▶ Records supplied:
----

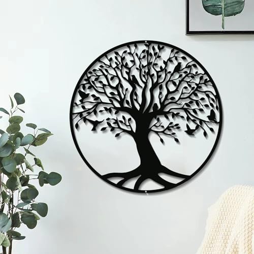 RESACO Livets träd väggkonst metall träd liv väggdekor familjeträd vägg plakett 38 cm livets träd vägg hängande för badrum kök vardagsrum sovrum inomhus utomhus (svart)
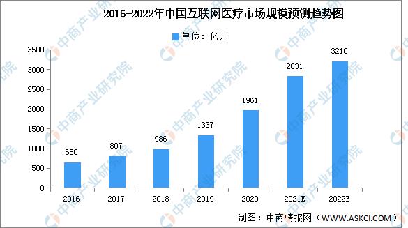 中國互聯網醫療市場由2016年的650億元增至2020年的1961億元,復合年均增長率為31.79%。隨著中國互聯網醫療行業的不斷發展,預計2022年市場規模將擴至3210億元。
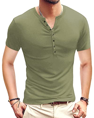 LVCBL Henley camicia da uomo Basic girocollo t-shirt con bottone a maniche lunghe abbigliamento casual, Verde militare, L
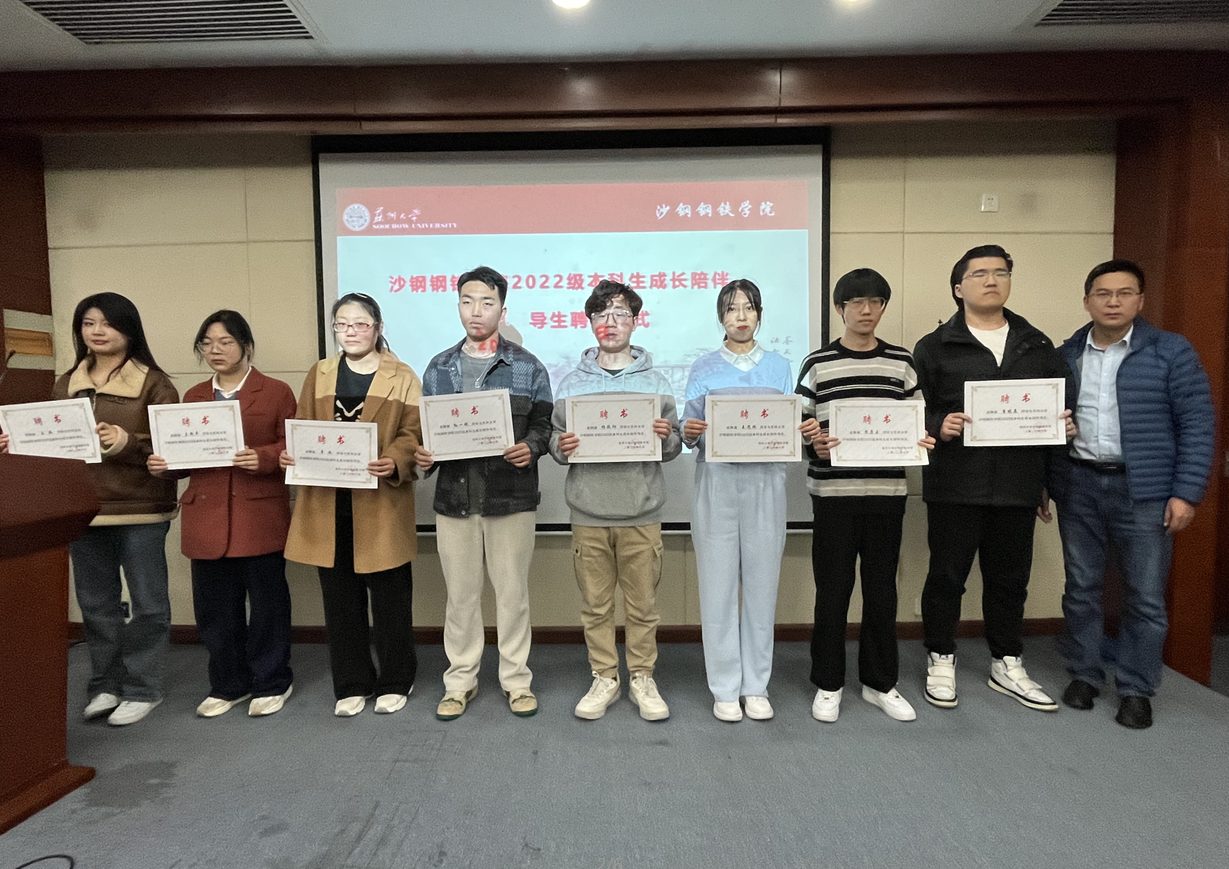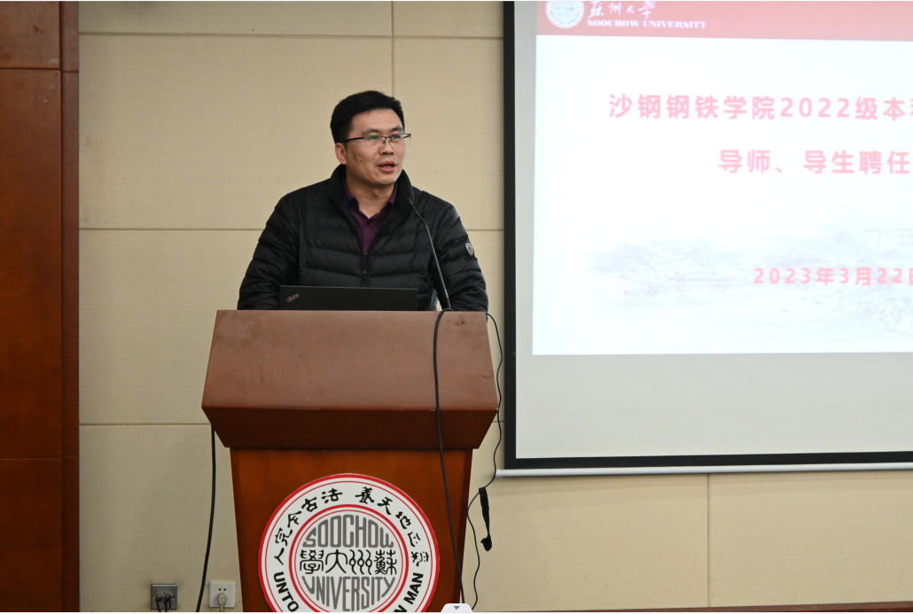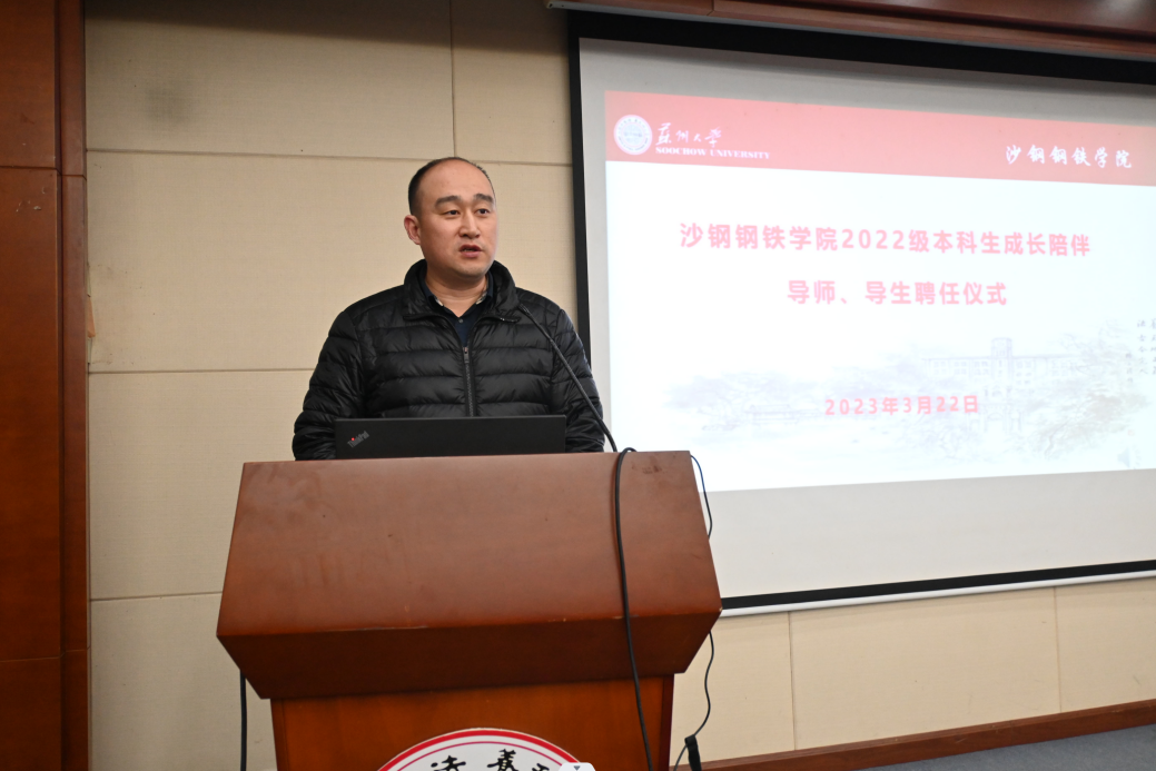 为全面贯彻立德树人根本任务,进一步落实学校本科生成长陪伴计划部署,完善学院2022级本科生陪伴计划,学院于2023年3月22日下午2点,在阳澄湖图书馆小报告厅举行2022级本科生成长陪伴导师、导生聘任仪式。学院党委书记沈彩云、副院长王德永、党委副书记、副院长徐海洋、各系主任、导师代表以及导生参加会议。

----

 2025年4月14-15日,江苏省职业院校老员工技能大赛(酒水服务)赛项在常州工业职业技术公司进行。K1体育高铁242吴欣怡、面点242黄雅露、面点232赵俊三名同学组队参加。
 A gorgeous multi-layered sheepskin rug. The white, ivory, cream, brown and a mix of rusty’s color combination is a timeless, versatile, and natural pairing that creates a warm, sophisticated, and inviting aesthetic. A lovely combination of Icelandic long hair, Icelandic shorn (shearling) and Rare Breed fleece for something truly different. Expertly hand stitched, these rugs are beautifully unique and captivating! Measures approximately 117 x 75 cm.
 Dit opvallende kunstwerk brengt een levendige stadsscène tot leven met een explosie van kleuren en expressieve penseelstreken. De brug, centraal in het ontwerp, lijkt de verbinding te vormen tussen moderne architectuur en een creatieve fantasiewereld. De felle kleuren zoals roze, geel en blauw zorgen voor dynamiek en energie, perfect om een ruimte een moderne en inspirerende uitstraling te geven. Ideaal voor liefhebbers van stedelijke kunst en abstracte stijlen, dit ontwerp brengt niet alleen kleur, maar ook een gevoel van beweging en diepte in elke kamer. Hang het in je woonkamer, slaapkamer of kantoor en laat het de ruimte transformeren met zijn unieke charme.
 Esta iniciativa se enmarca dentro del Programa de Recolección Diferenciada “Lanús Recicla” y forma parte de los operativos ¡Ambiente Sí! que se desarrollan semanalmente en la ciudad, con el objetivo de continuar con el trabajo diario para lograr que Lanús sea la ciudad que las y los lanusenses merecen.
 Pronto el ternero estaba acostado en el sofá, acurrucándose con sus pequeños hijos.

----

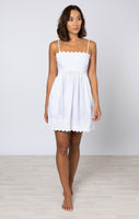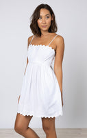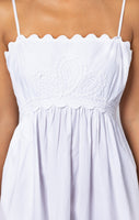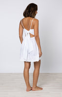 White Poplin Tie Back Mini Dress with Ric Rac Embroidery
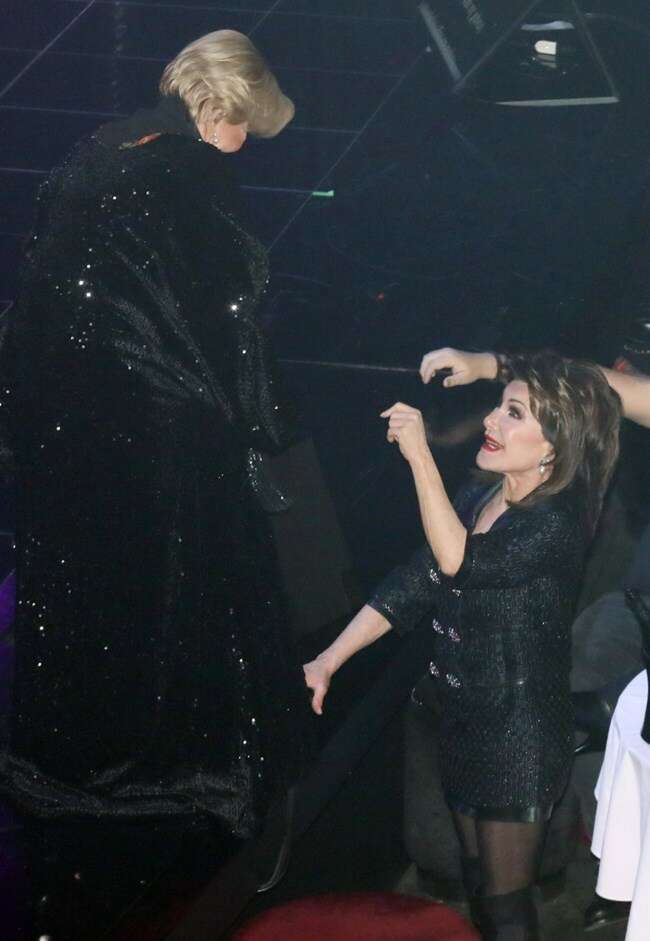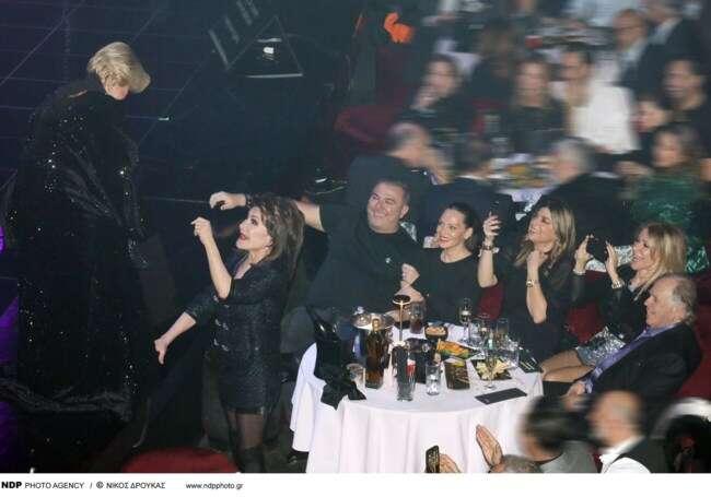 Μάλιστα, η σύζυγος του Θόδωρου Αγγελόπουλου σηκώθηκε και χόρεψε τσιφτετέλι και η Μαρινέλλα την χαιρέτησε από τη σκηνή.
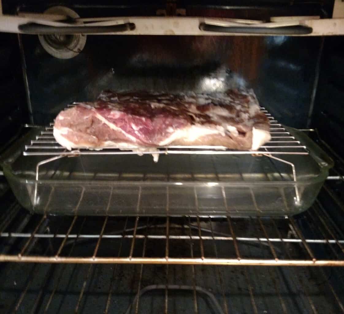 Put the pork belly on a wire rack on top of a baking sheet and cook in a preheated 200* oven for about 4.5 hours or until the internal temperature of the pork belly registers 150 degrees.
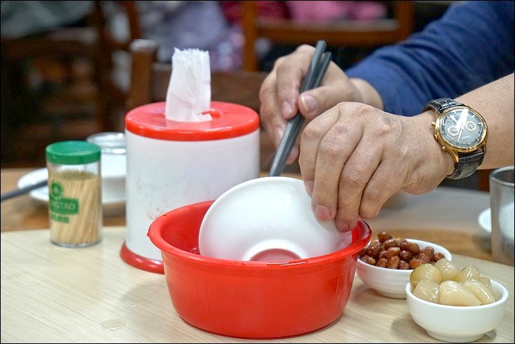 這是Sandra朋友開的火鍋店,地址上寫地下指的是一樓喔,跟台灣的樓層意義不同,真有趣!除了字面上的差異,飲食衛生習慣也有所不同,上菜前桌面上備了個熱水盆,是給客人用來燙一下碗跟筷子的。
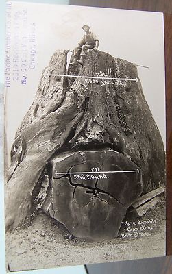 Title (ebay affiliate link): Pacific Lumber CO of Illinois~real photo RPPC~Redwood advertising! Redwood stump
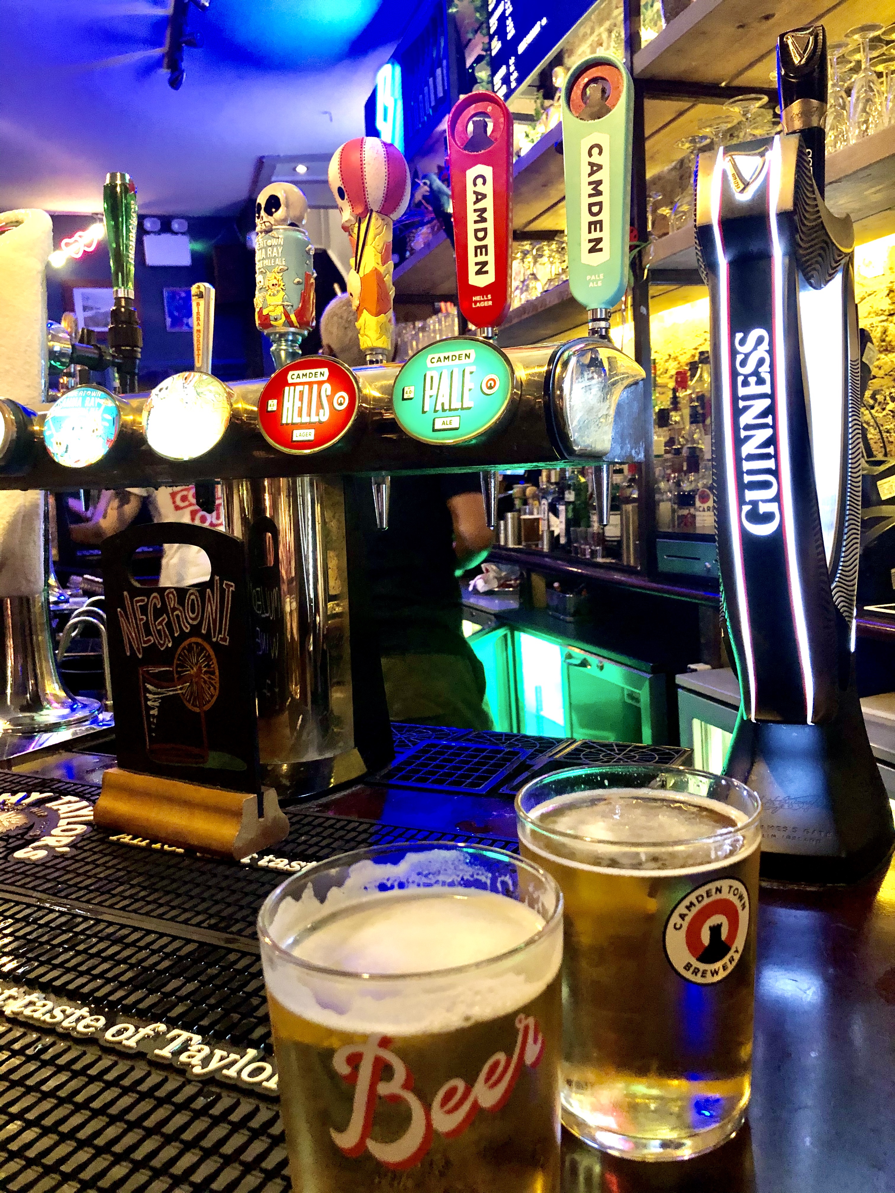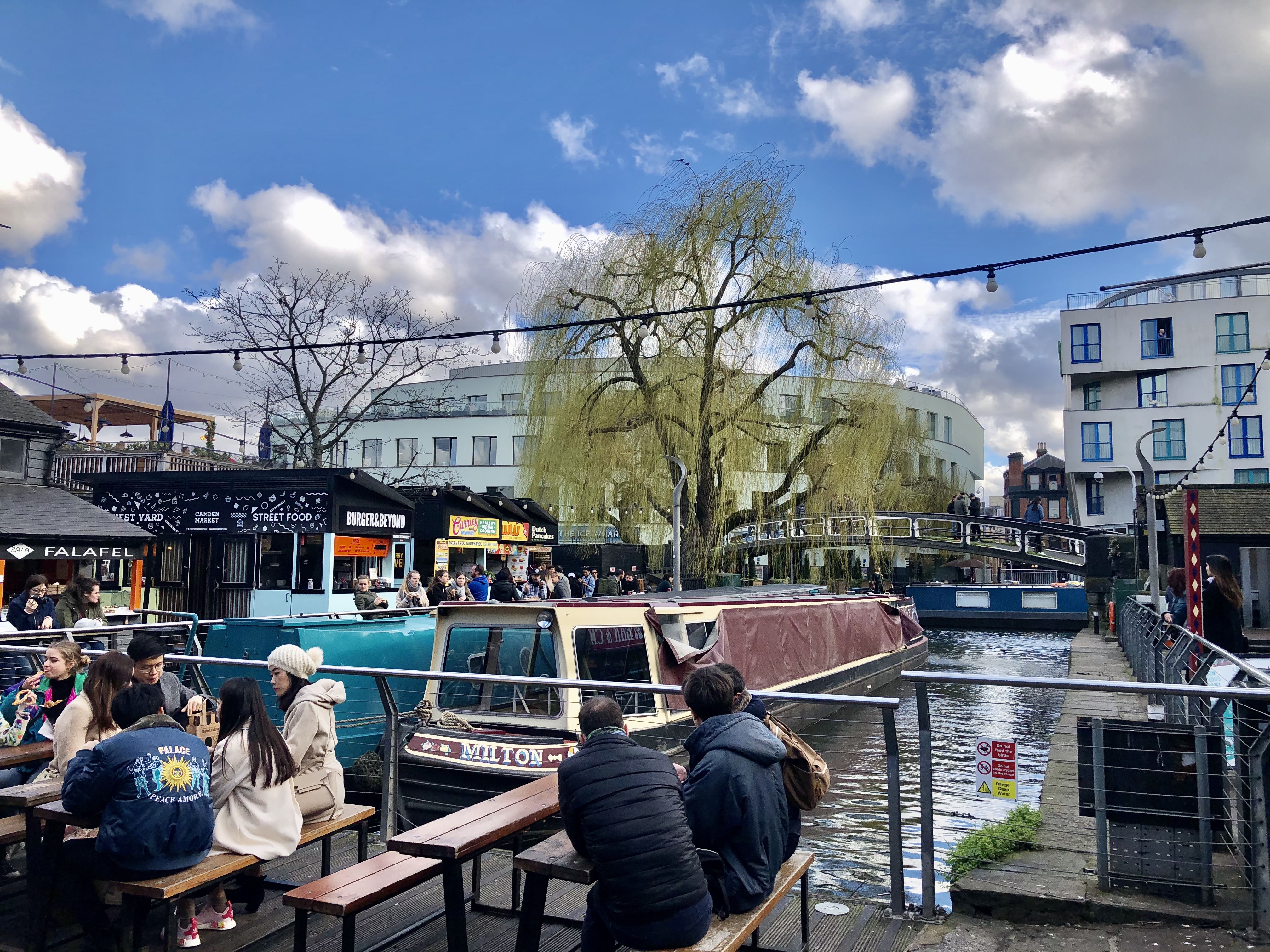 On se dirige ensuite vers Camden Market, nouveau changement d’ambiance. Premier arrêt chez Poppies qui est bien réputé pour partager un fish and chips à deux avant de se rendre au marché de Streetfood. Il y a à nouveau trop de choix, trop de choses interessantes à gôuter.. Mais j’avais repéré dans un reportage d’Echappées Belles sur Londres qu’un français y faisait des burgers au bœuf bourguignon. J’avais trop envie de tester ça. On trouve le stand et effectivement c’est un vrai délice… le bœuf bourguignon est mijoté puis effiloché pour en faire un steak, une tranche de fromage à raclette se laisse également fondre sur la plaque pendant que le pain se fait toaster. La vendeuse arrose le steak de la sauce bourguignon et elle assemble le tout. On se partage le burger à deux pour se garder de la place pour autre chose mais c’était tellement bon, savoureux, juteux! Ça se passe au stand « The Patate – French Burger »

----

▶ Problem to solve:
Above are the records. Copy only the lines from the one with "RESACO Livets träd" through the one with "为全面贯彻立德树人根本任务,进一步落实学", exactly, with no pictures.

▶ Response for this exercise:
 RESACO Livets träd väggkonst metall träd liv väggdekor familjeträd vägg plakett 38 cm livets träd vägg hängande för badrum kök vardagsrum sovrum inomhus utomhus (svart)
 中國互聯網醫療市場由2016年的650億元增至2020年的1961億元,復合年均增長率為31.79%。隨著中國互聯網醫療行業的不斷發展,預計2022年市場規模將擴至3210億元。
 LVCBL Henley camicia da uomo Basic girocollo t-shirt con bottone a maniche lunghe abbigliamento casual, Verde militare, L
 为全面贯彻立德树人根本任务,进一步落实学校本科生成长陪伴计划部署,完善学院2022级本科生陪伴计划,学院于2023年3月22日下午2点,在阳澄湖图书馆小报告厅举行2022级本科生成长陪伴导师、导生聘任仪式。学院党委书记沈彩云、副院长王德永、党委副书记、副院长徐海洋、各系主任、导师代表以及导生参加会议。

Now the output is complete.